Por fim, o que foi muito bonito foi ver que a Trasgo inspirou outros movimentos, ver novas revistas que surgiram ou que serão lançadas. Agora está começando a aparecer esse cenário de revistas de contos no Brasil, e isso me deixa muito feliz. Eu não consigo medir o quanto a minha revistinha, meu xodó, tem algum impacto nisso, mas fico muito feliz em ver esses espaços surgindo.
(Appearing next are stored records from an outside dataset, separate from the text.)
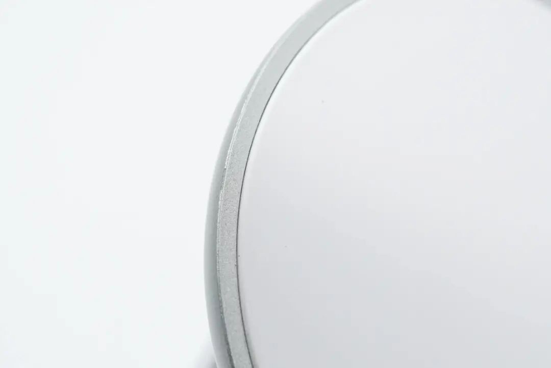 无线充采用PC阻燃材质塑料壳,正面喷刷银灰色涂料装饰,底座与手机无线充电板采用圆盘设计,设计风格简约。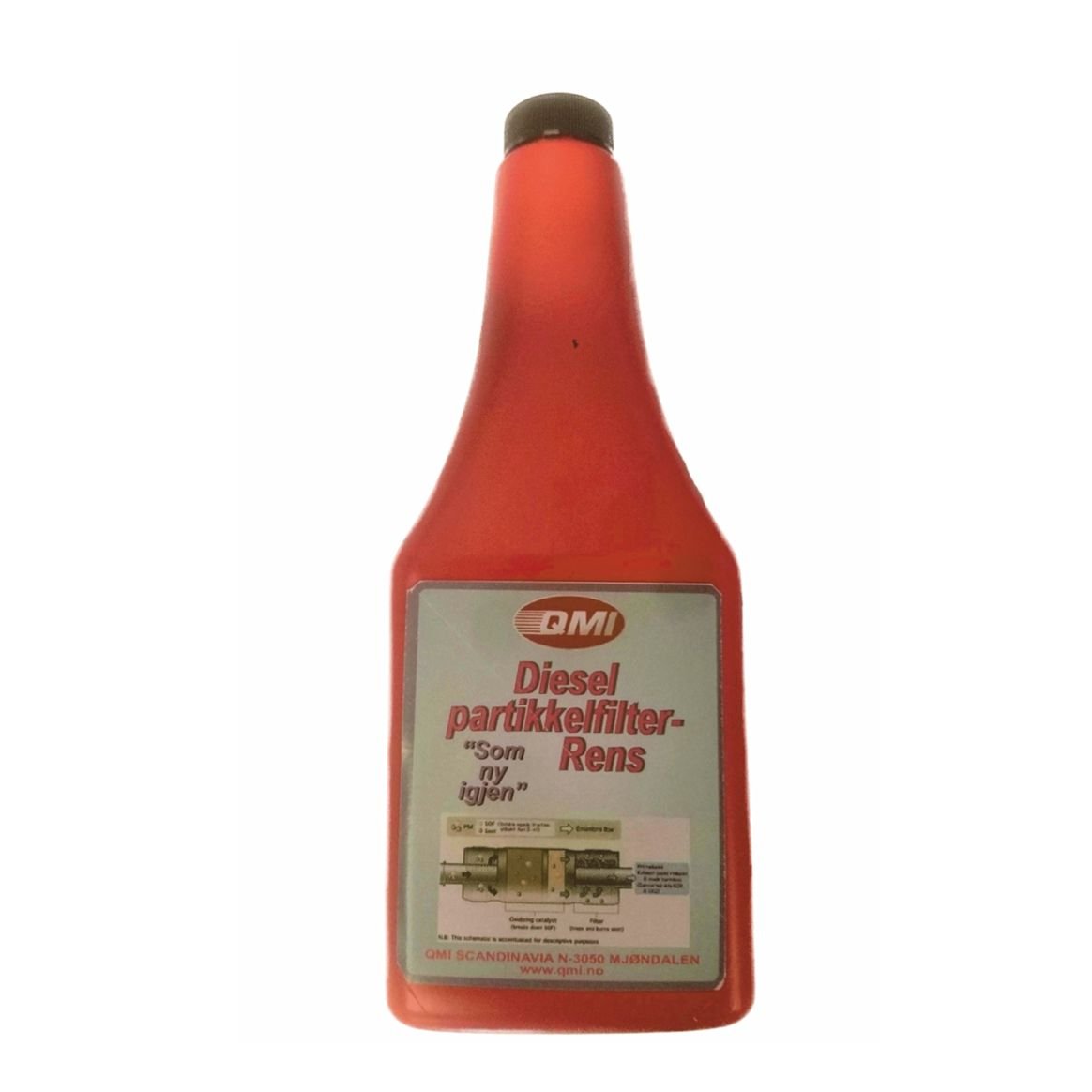 QMI DPF-Rens inneholder vannoppløslige tensider som er meget effektiv på dieselsot. De løfter soten fra oveflaten slik at den kan skylles ut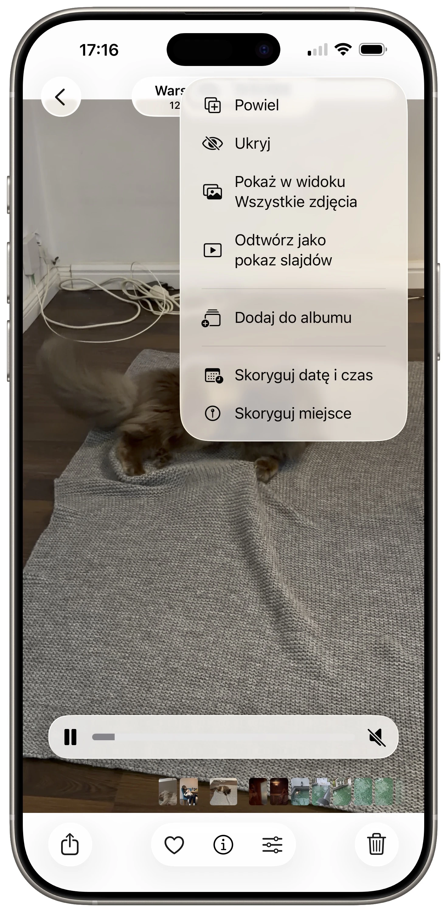 Tyle dobrego, że aplikacja Zdjęcia pozwala na ręczną edycję danych dotyczących zarówno lokalizacji, jak i daty zarejestrowania materiałów. Jeśli zależy nam na tym, aby zmniejszone pliki wideo wyświetlały się w galerii w odpowiednim miejscu na osi czasu, czeka nas po prostu trochę ręcznego klikania. W tym celu należy wyświetlić każdy nowy plik, kliknąć w prawym górnym rogu trzy kropki oraz użyć opcji „Skoryguj datę i czas” i „Skoryguj miejsce”.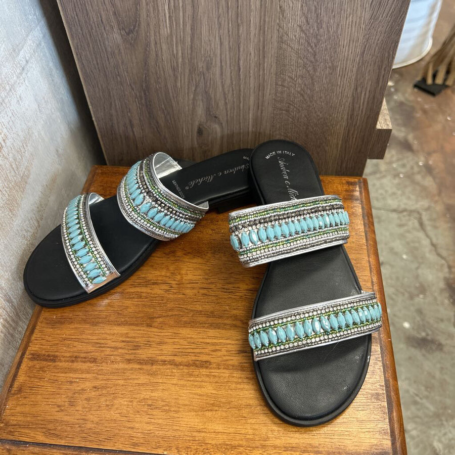 Andrea e Michele 8M Black with Turquoise Sandals - $28.75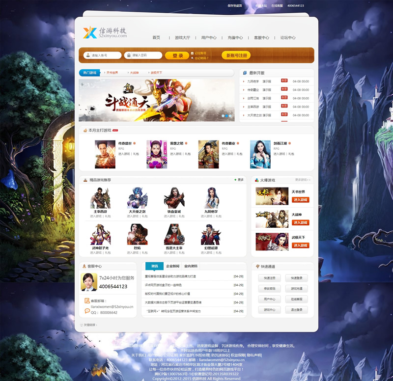 信游页游平台应用版是一个以.net+mssql进行开发的页游平台系统。软件功能介绍:游戏管理对网页游戏、游戏服务器的添加、编辑。设置游戏页面工具条的样式,设置游戏接口参数,连接游戏到平台。设定游戏充值时使用的充值方式。以及游戏礼包的导入、查看礼包的领取情况系统。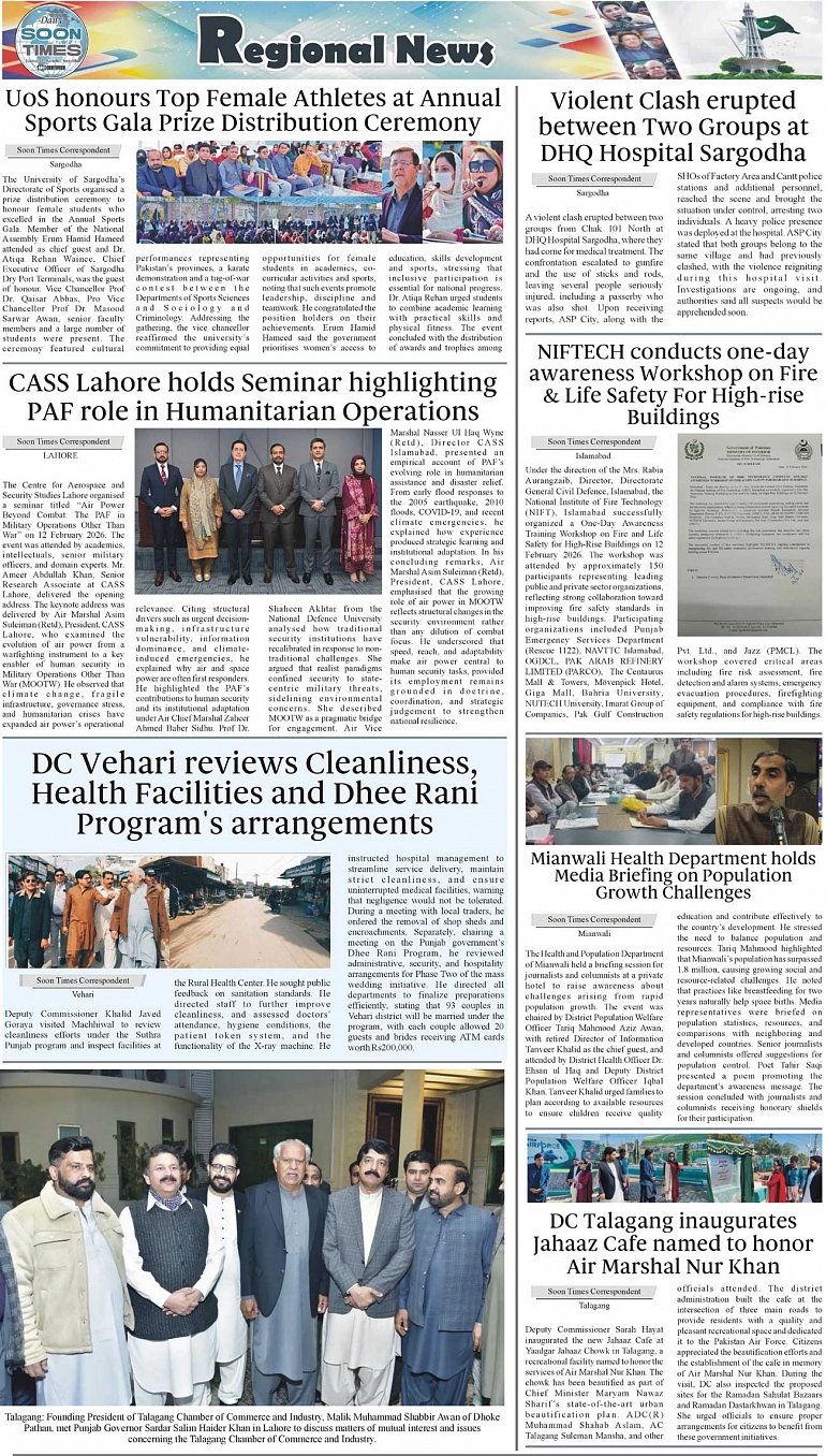 Daily Soon Times Page: 3 February 14, 2026 Daily Soon Times today's ePaper leading English national newspaper from Islamabad, Sargodha, Karachi, Pakistan << First << 3 >> Last >> Page 1Page 2Page 3Page 4 × Daily Soon Times 1.234. 1.234. 3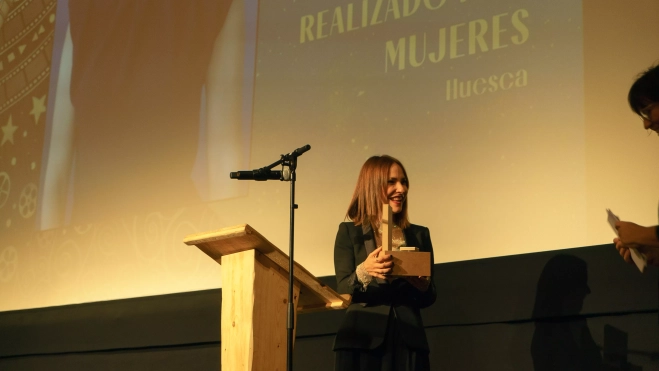 La Muestra de Cine Realizado por Mujeres de Huesca vivió uno de sus momentos más emotivos este viernes en el Teatro Olimpia, con la entrega del Premio Pan y Rosas a la cineasta aragonesa Paula Ortiz. En su vigésimo cuarta edición, la muestra, que el año pasado sorprendió al reunir a más de 2.500 personas en las proyecciones y atraer a más de 500 en los coloquios, sigue consolidándose como un espacio de referencia para visibilizar el cine hecho por mujeres. Este año, la Asociación Oscense Pan y Rosas, organizadora por primera vez del evento, reafirma su apuesta por crear un encuentro único entre las cineastas y el público oscense, un espacio donde las inquietudes y miradas femeninas se cruzan para ampliar nuestra comprensión del mundo.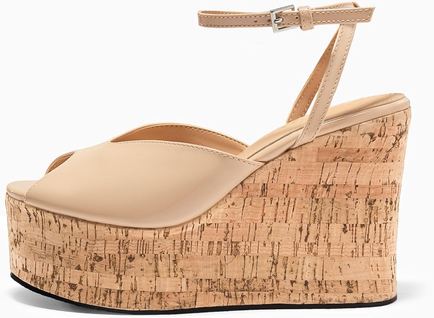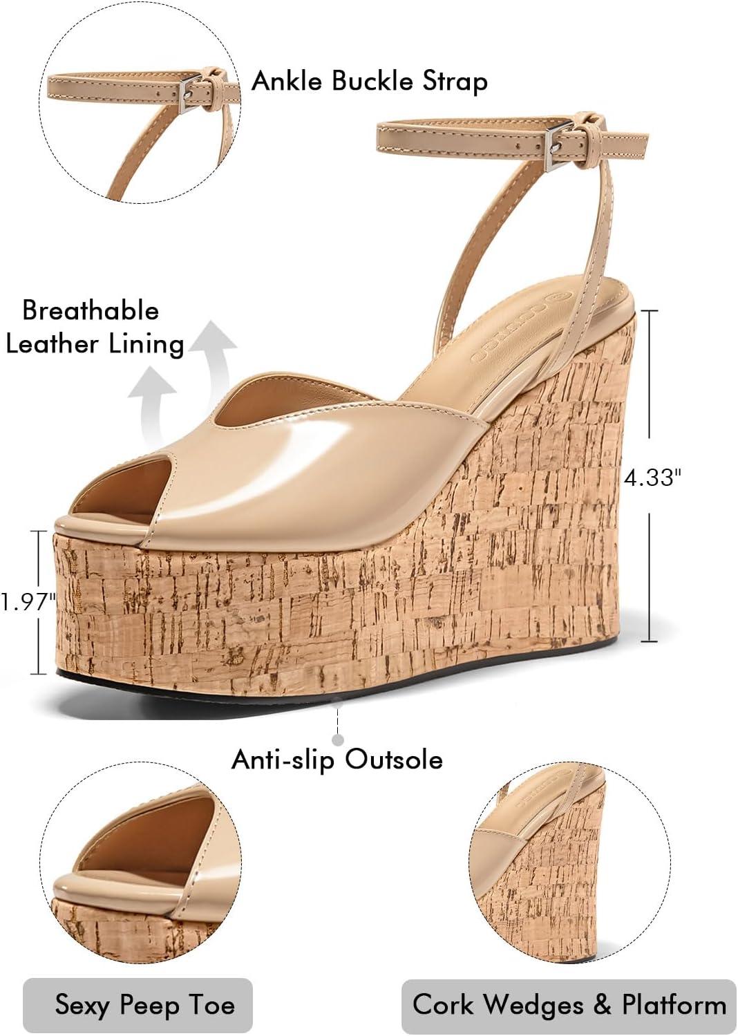 Coutgo Womens Platform Wedge Sandals Cork Dressy Peep Toe Ankle Buckle Strap High Heels Summer Shoes(Khaki)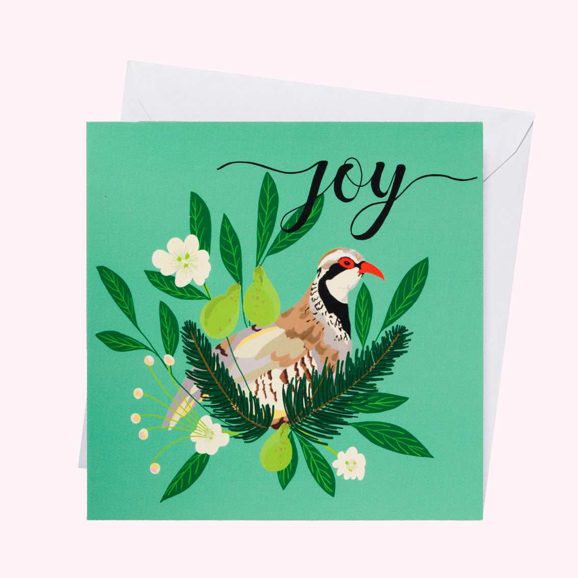 Our Christmas joy card features a hand drawn Partridge design and hand calligraphy on a festive green background.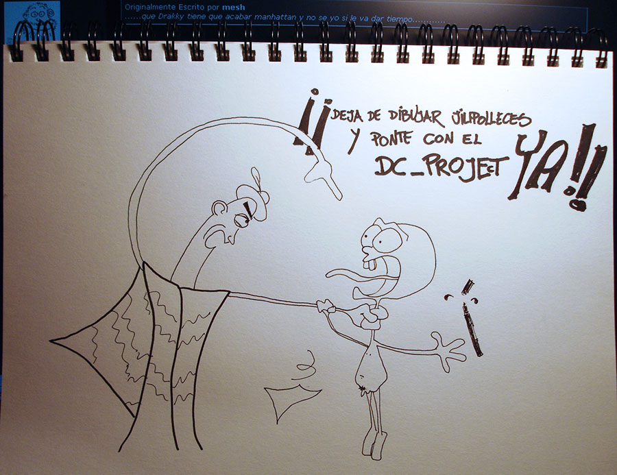 08:15 de la mañana, en el trabajo en sábado. entrega crítica el 10 de nov. Luz roja de peligro encendida. Entro en la oficina. Todo oscuro. Enciendo plotters y ordenadores. Los fluorescentes, su zumbido. Solo. Soy un maldito, un desgraciado: podría estar durmiendo con mi mujercita en lugar de aquí. Enciendo mi ordenador. Reviso el correo. Desmoralización. Entro en 3dpoder mientras se hace el café. Veo los bocetos de Drakky y me sacan una sonrisa. Son graciosos y cachondos. Me alegran el comienzo de la tarea. Gracias Drakky.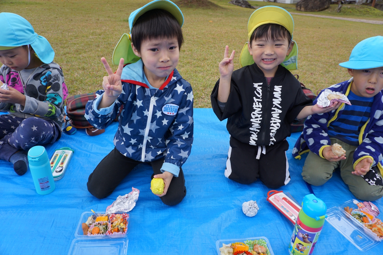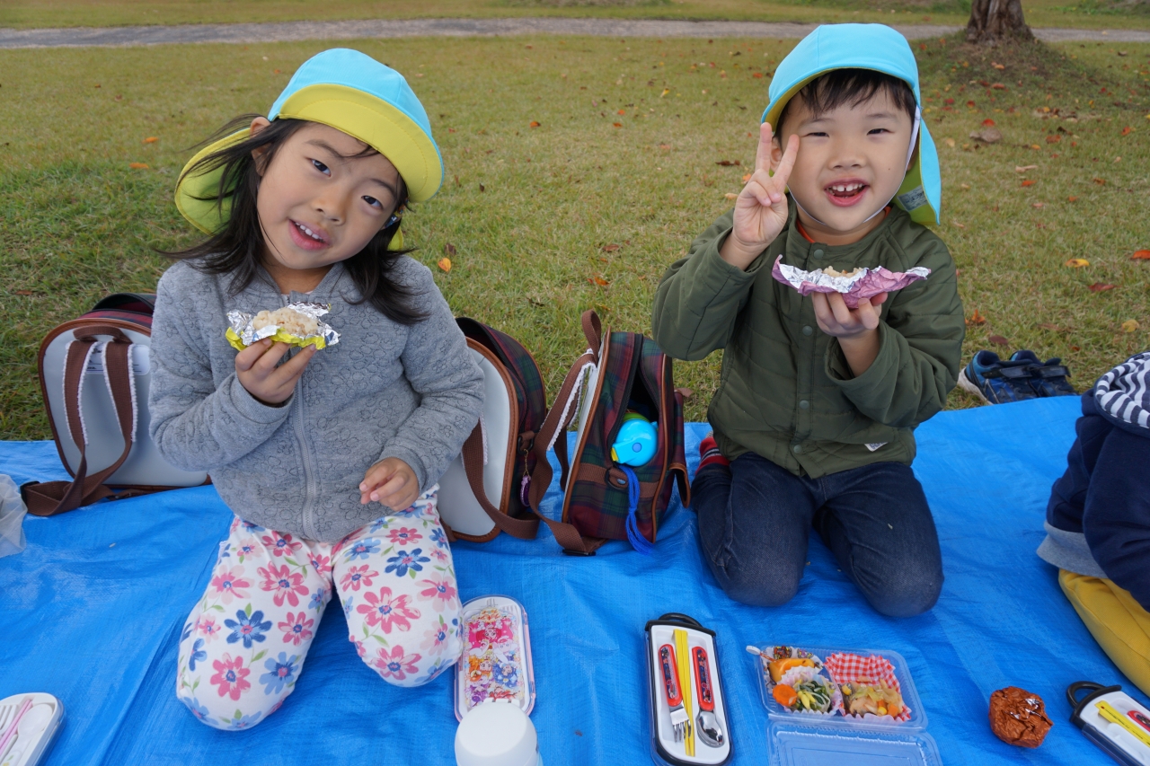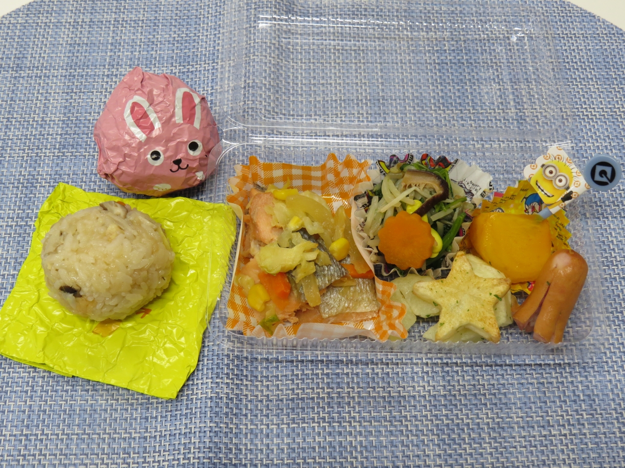たくさん遊んだあとは、給食の先生が作ってくれたお弁当を食べました。

Espaços estes mais democráticos, que abrem para uma literatura mais diversa. Essa sempre foi uma preocupação na Trasgo, eu não queria fazer uma revista de ficção científica de hominho branco para hominho branco, a gente sempre tentou trazer mais vozes diversas, de pessoas trans, lgbtq+, de pessoas estigmatizadas. Na real isso é até algo que acho que falhei. Ou melhor, que poderíamos ter feito mais. Nós tentamos, mas nem sempre as coisas acontecem do jeito que a gente espera.

Fica aqui então o meu agradecimento a todo mundo que participou da Trasgo. A gente publicou 138 contos escritos por 114 pessoas diferentes. E não só quem publicou, mas quem mandou, leu, editou, apoiou, por tudo isso eu sou grato a todas essas pessoas por estes sete anos realmente incríveis.

Para a música da semana, deixo vocês com “All Good Things“, ou “O que é bom sempre tem um final”, da Nelly Furtado com Di Ferrero.